ASSIGNMENT:
Transcribe nothing except the lines below that run from the one with "Fig. 3. Examples of space" to the one with "Figure 5-9. Column", ends included, and do not copy any picture.

MATERIAL PROVIDED:
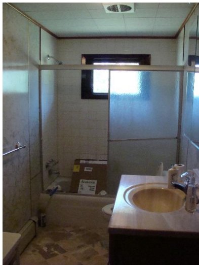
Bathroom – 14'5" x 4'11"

...

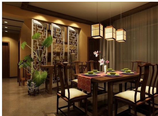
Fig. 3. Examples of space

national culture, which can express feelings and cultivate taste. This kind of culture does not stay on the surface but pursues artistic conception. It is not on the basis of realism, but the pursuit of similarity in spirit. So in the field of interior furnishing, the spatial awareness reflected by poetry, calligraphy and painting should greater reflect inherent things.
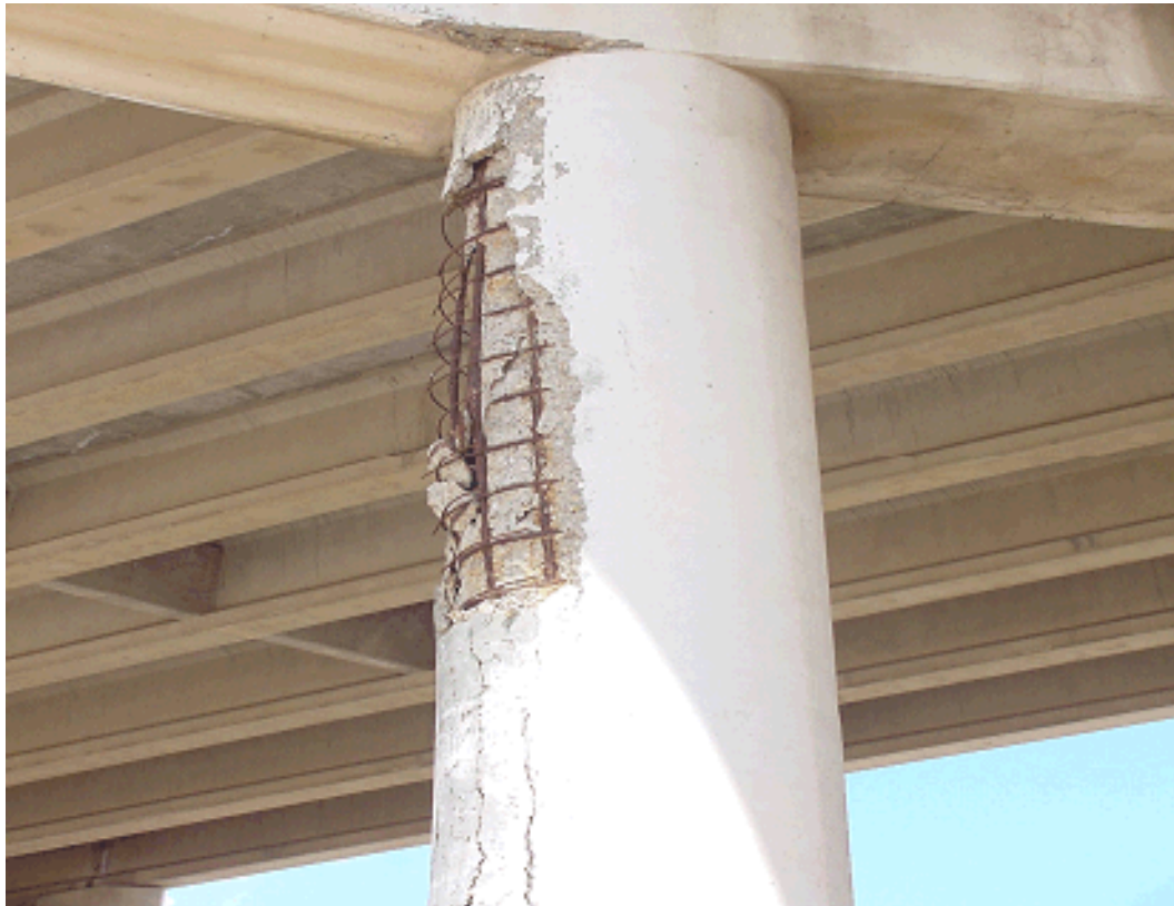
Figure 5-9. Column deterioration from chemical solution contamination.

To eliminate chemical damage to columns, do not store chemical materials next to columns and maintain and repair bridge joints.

--

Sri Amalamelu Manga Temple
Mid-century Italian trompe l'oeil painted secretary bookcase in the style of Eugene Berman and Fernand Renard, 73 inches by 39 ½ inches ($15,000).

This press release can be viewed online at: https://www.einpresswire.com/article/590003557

SOLVED EXERCISE:
Fig. 3. Examples of space

national culture, which can express feelings and cultivate taste. This kind of culture does not stay on the surface but pursues artistic conception. It is not on the basis of realism, but the pursuit of similarity in spirit. So in the field of interior furnishing, the spatial awareness reflected by poetry, calligraphy and painting should greater reflect inherent things.
Figure 5-9. Column deterioration from chemical solution contamination.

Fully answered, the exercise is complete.